UPDATE (Burma): Protests continue despite heavy security; more people and monks taken away; townsfolk defend monasteries with slingshots

ASIAN HUMAN RIGHTS COMMISSION - URGENT APPEALS PROGRAMME

Urgent Appeal Case: UP-128-2007
ISSUES: Arbitrary arrest & detention, Corruption, Enforced disappearances and abductions, Extrajudicial killings, Freedom of assembly, Freedom of expression, Torture,

Dear friends,

As the dramatic events in Burma of the last few days are being reported throughout the entire world, in this latest update the Asian Human Rights Commission (AHRC), gives additional information not being widely covered in the mainstream media, as follows:
– Protests have continued in Rangoon, Mandalay and other towns 
– Killings outside of Rangoon city centre
– Hundreds of persons and monks taken away; reports of assault and torture
– Looting and profaning of sacred places; townspeople are defending monasteries from troops
– Private news journals have stopped publishing rather than print government propaganda
– Price rises and risk of widespread hunger 
– “Pro-government” rallies being staged 
– The family of the armed forces’ head has fled the country

For all statements, press releases, updates and media, visit the Burma Protests 2007webpage of the AHRC. 

PROTESTS CONTINUED
On September 28 and 29 the protests continued unabated for the 12th and 13th days, despite many attempts by the military regime to stop them. However, protests in Rangoon and Mandalay are becoming increasingly difficult as there are now tens of thousands of troops in both cities. Here are some of the reports of protests on September 29 only:

Rangoon
At midday, hundreds of protestors were again out on and around Anawrahta Road near the Sule Pagoda, shouting slogans at the troops and riot police, such as “General [Aung San] did not give you training in order to kill the people!” “We don’t want military government” and “May the people who killed/beat monks be struck down by lighting!”  There were also protests led by students waving Fighting Peacock flags (the symbol of the students’ movement) in Lanmadaw Township. 

Video of protests in Rangoon on September 28 can be viewed on the Democratic Voice of Burma (DVB) website: http://dvb.cachefly.net/tv/all/28sep.wmv (and from the day before).

Mandalay Division, upper Burma
At Kyaukpadaung, up to 1000 monks and over 10,000 people continued marches. They were watched by troops, police and government thugs but there was no violence.
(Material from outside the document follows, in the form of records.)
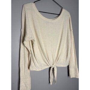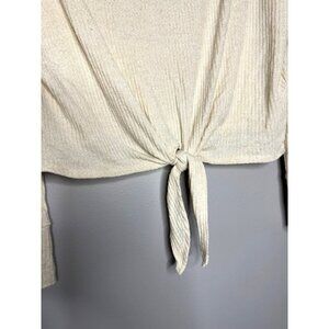 Abercrombie & Fitch Womens XS Oversized Ribbed Knit Tie-Front Cream Crop Top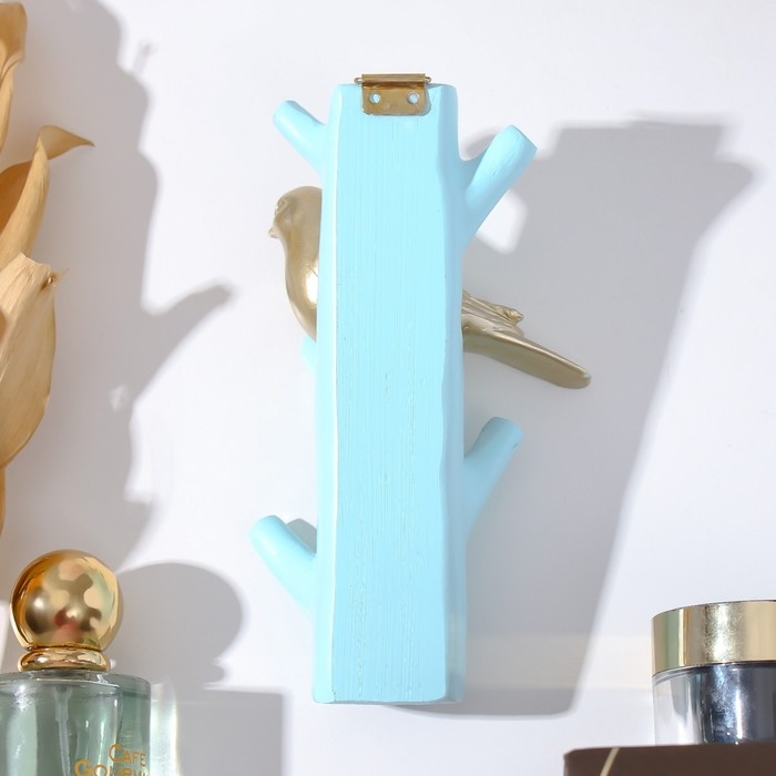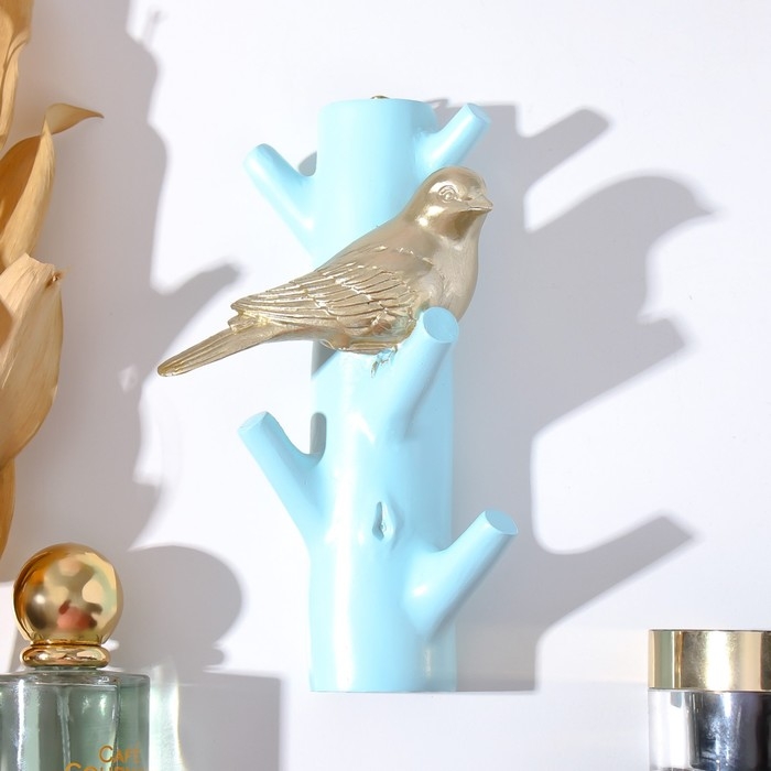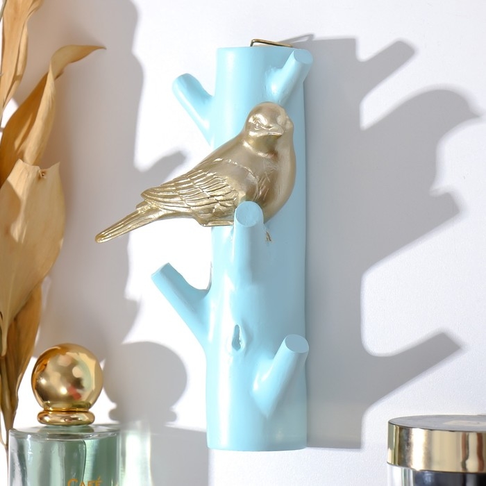 Крючки декоративные полистоун "Золотистая птичка на голубой ветке" 16х5,7х9,7 см
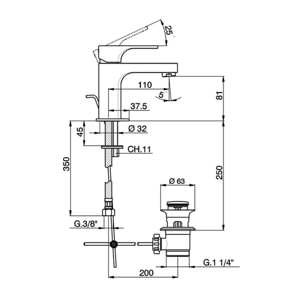 Cisal Cubic Смеситель для раковины на 1 отверстие, с донным клапаном, цвет: Night Black CU00049540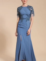 Formal Women's Dresses Trumpet/Mermaid Short Sleeves Ankle-Length Mother of the Bride Dresses with Slit Prom Dresses Stores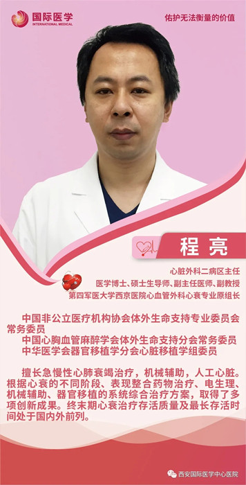 2011年,程亮公派前往德國柏林心臟中心學習機械輔助技術,即人工心臟。從德國回來后,程亮經過充分的前期準備,2015年科室正式開展機械輔助技術。

Arakan State, western Burma
In Sittwe, about 50 monks and 300 civilians marched for around half an hour from 2pm and were threatened by armed troops. There, the authorities have ordered monks to return to their home villages in an attempt to reduce the number of monks in the city and defuse the protests. Similar orders have been given to the abbots of monasteries in other parts of the country.

Around 15 miles outside of Taunggut, monks and villagers also reportedly gathered together to protest in a rural area.

Magwe Division
In Pakokku, west of Mandalay, around 200 monks led 2000 civilians in a peaceful two-hour march to Thihoshin Pagoda starting at 2:30pm that was not broken up by the authorities. During the march they also chanted slogans such as those in Rangoon. They prayed at the pagoda before dispersing.

Pakokku is where government forces attacked monks on September 5, provoking the monks to “overturn the alms bowl” in religious boycott of the regime (UP-119-2007).

To the south of Pakokku, at Yenanchaung, around 200 monks followed by a few thousand supporters marched around the town from around midday on September 29, starting from the Yatanaminhpu Pagoda. They marched until 3pm also chanting slogans, according to Yoma 3 news (Thailand). Many of the monks were from the Shwedaung Pali University, which is under the control of one of the 47 top government-approved monks of the Maha Sangha Nayaka Council, U Tezaniya.

On September 28 there were protests reported in Rangoon, Mandalay, Pakokku and Mogok.

KILLINGS
The killings in Rangoon city centre were widely reported and some caught on film. Rather than deny that they had occurred, the military regime admitted that nine had died due to “terrorists” creating disturbances. Surprisingly, the international media for a while went along with that number, despite knowing that it came from the propaganda of compulsive liars.

It is confirmed through a number of separate sources that at least one person died outside High School No. 3 in Tamwe Township on September 27 when troops pursuing protestors from Pansodan opened fire there and drove a truck into the crowd before assaulting people with truncheons. The dead person was a student at the school, who was killed after his skull was broken open. According to some reports, five or more teenage students were killed; however, the bodies were immediately removed by security forces. Others, as well as their mothers and protestors, were injured. Many were taken away in trucks.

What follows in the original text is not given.